Although some research studies have been carried out on ELM, there are few discussions about sample similarities and variable correlations in RELM, especially in temperature prediction. Based on the above discussions, a soft sensor modeling method of the JITL-based triple-weighted regularized extreme learning machine (JITL-TWRELM) was proposed to solve the above problems. Compared with the traditional data-driven modeling method described above, the method proposed in this paper not only allows real-time updating of the model but also obtains more accurate local modeling samples due to the use of the WJITL strategy, which uses correlation information between the input and output variables in the sample selection stage. Meanwhile, in the local modeling stage, the proposed method overcomes the shortcomings of the traditional local modeling method, which only considers the sample similarities and analyzes the variable correlations, highlighting the influences of different variables on the output. The remainder of this article is structured as follows. Firstly, the regenerative aluminum smelting furnace is briefly introduced. Secondly, the regularized extreme learning machine (RELM), sample weighted regularized extreme learning machine (SWRELM), and variable weighted regularized extreme learning machine (VWRELM) are introduced, respectively. Then, the JITL-based triple-weighted regularized extreme learning machine (JITL-TWRELM) is described. Next, the flexibility and effectiveness of the proposed method are validated in the industrial aluminum smelting processing. Finally, we present the conclusions.
5. Conclusions
This paper mainly deals with the estimation of the liquid aluminum temperature in the regenerative aluminum smelting furnace. A JITL-TWRELM soft sensor modeling method is proposed. In this method, both the sample similarities and the variable correlations are considered in RELM to deal with the differences between samples and variables. Each modeling sample is assigned different weights according to the similarity calculation, and each dimension of the sample is also assigned a corresponding weight according to the correlation analysis, which improves the accuracy of the modeling compared with the original RELM. Furthermore, a weighted similarity measurement criterion is proposed for JITL to select similar samples for local modeling.

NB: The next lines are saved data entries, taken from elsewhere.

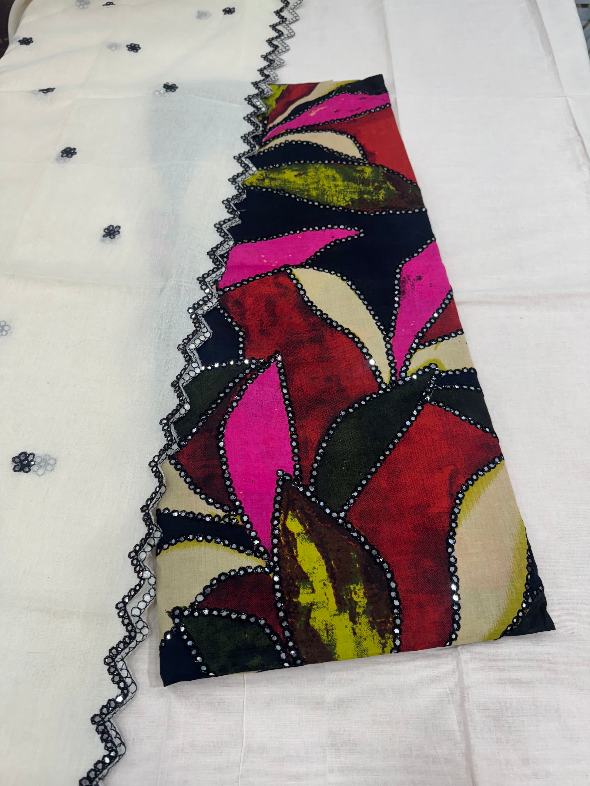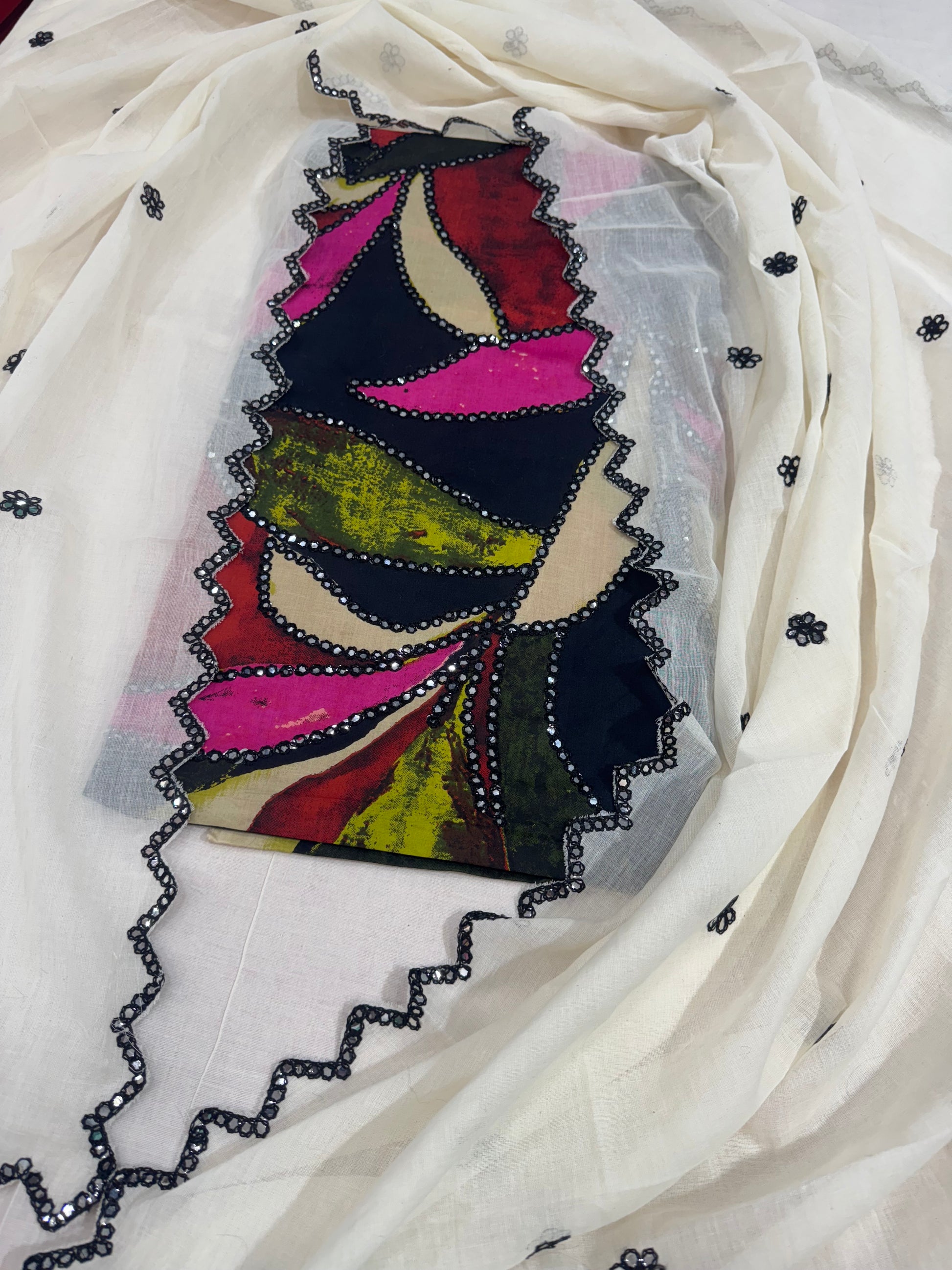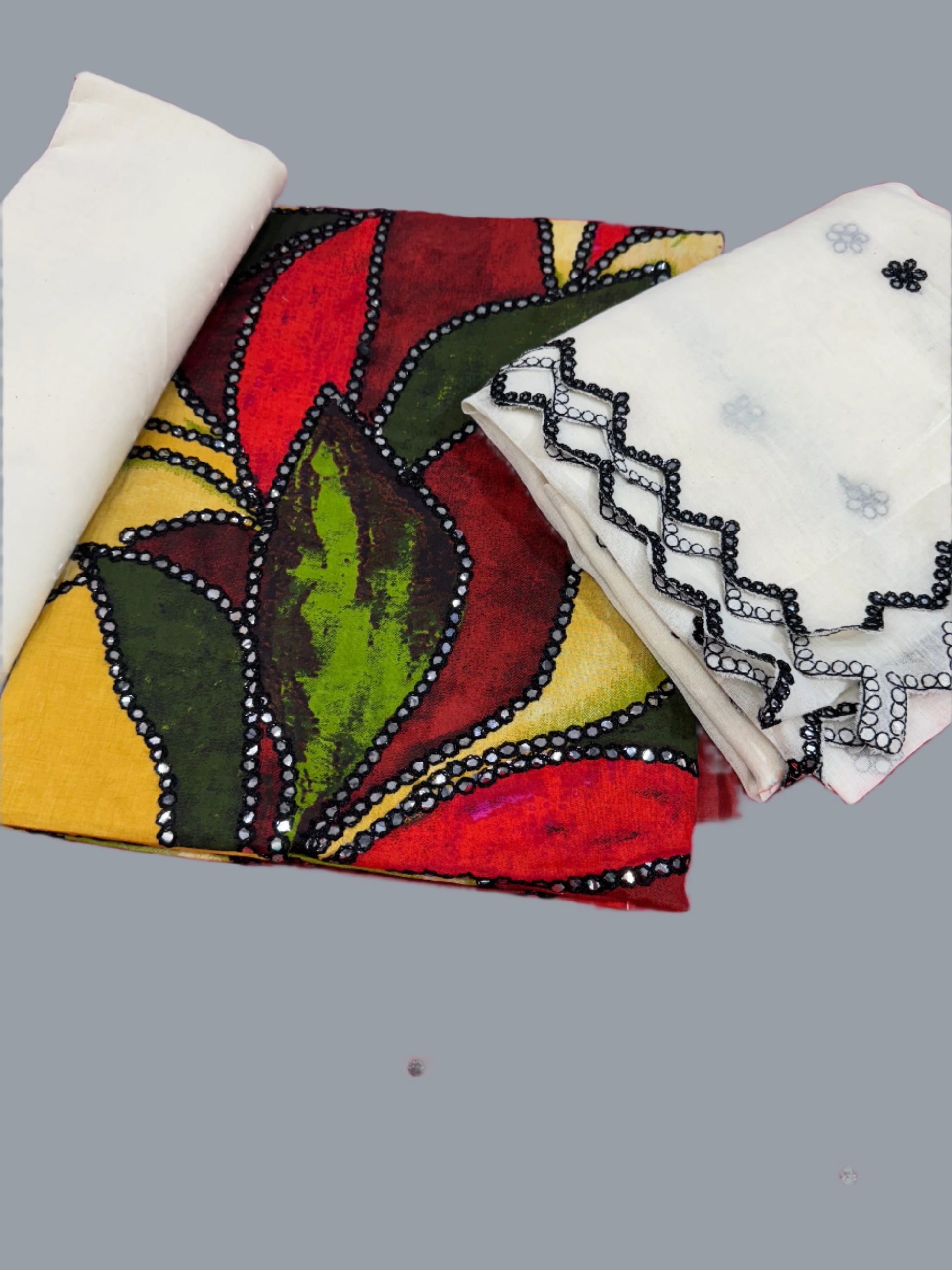 Make an elegant and bold style statement with this unstitched 3-piece suit set. The vibrant kurta fabric features a multicolor leaf pattern in hues of red, mustard, pink, olive green, and black, highlighted with stone embellishments for added sparkle. It is paired with a soft off-white dupatta adorned with delicate black floral embroidery and lace edging, adding a touch of sophistication. The plain off-white bottom fabric ensures balance and versatility.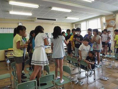 明日が1学期の終業式。授業の方も一区切りがついて、学級でお楽しみ会を開いている学級もありました。「無人島崩壊ゲーム」だとか。じゃんけんの結果に一喜一憂し、とっても楽しそう。一学期のよい思い出の一つになったことと思います。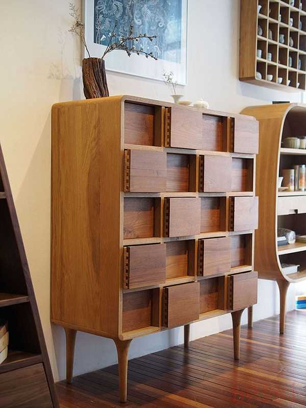 很多人比較喜歡的多格柜,我覺著真正的設(shè)計師是我們的家具廠廠長時師傅,那時候我畫了一個多格柜的圖,要 20 個抽屜,那就是 20 個拉手,感覺很繁瑣,又不美觀,時師傅他說有個傳統(tǒng)工藝「牛角拐」,可以解決,沒有拉手也可以打開,于是大家商量了一下就開始做了,第一款做出來的時候他興奮的給我打電話,說「可好看了」。他是熱愛家具這行業(yè)的,我們合作起來都很開心。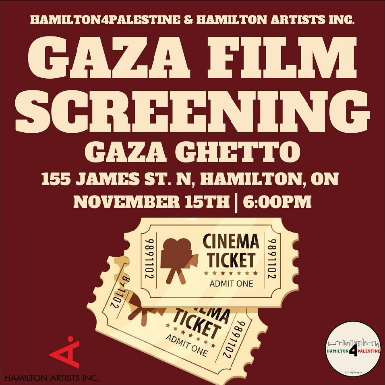 Hamilton Artists Inc in collaboration with Hamilton 4 Palestine are hosting a special fundraising screening of "Gaza Ghetto", the first documentary filmed in Gaza. This fundraiser is to support Hamilton 4 Palestine and their mission to bring awareness and advocacy towards the Human Rights abuses facing Palestine.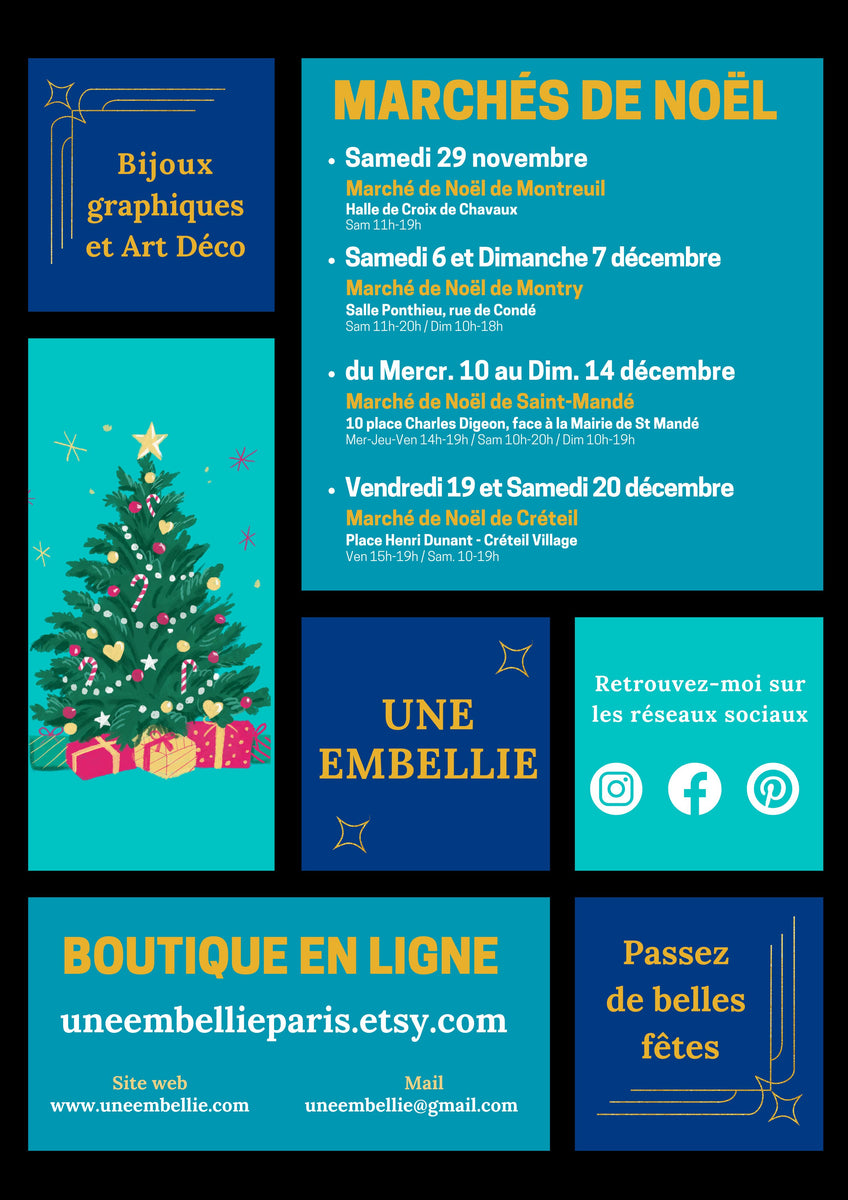 Les festivités de fin d'année approchent et pour l'occasion les bijoux Une Embellie sont de sortie! Si vous souhaitez découvrir, voir toucher et essayer les bijoux pour de vrai alors voilà les différents marchés de Noël où je serai présente!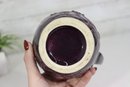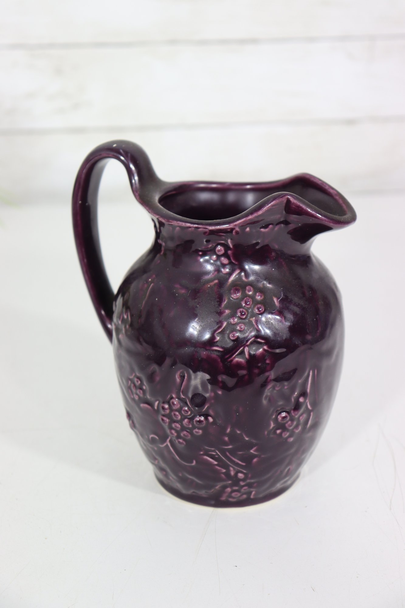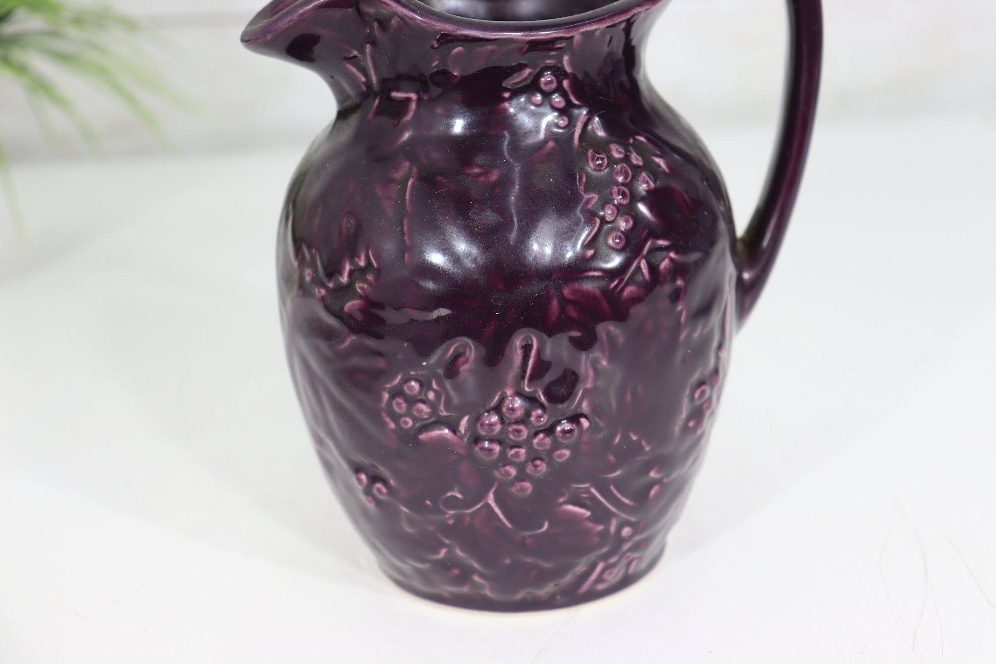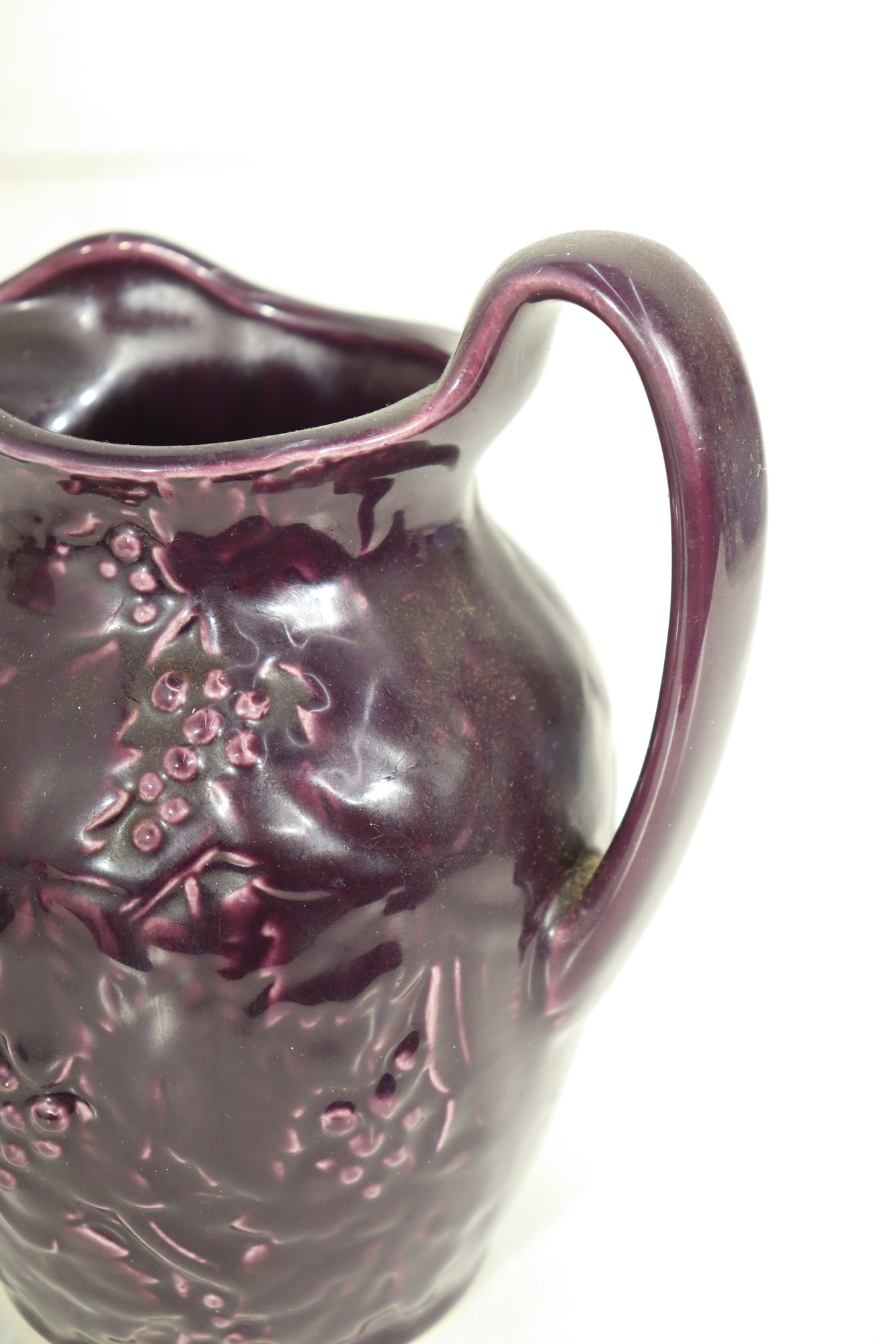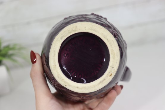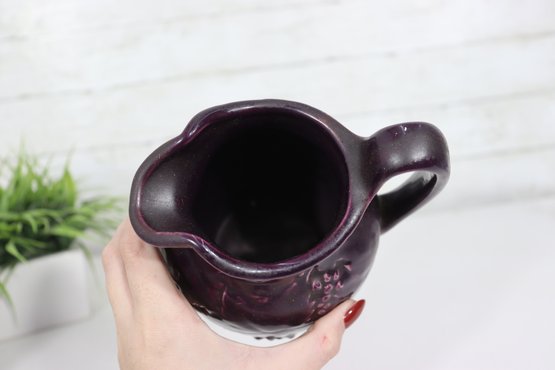 Beautiful vintage stoneware pitcher featuring raised embossed grape & vine relief design, finished in a rich deep plum / amethyst colored glaze. Stamped on bottom (mark shown). Classic traditional country kitchen / farmhouse style accent piece.

Compared with the original JITL strategy, more similar modeling samples are selected for each query sample, enhancing the accuracy and reliability of the local modeling dataset. The flexibility and effectiveness of JITL-TWRELM were validated through the industrial aluminum smelting process. The industrial applications show that the proposed method can effectively deal with the nonlinear and time-varying problems in the regenerative aluminum smelting process and achieve a higher accuracy of temperature prediction compared with the other five methods.
For each query sample, the model needs to be updated once, although some adjacent query samples do not need to update the model so frequently. Selective updating of the model will improve the modeling efficiency. Therefore, developing a selective update strategy will be the focus of future work.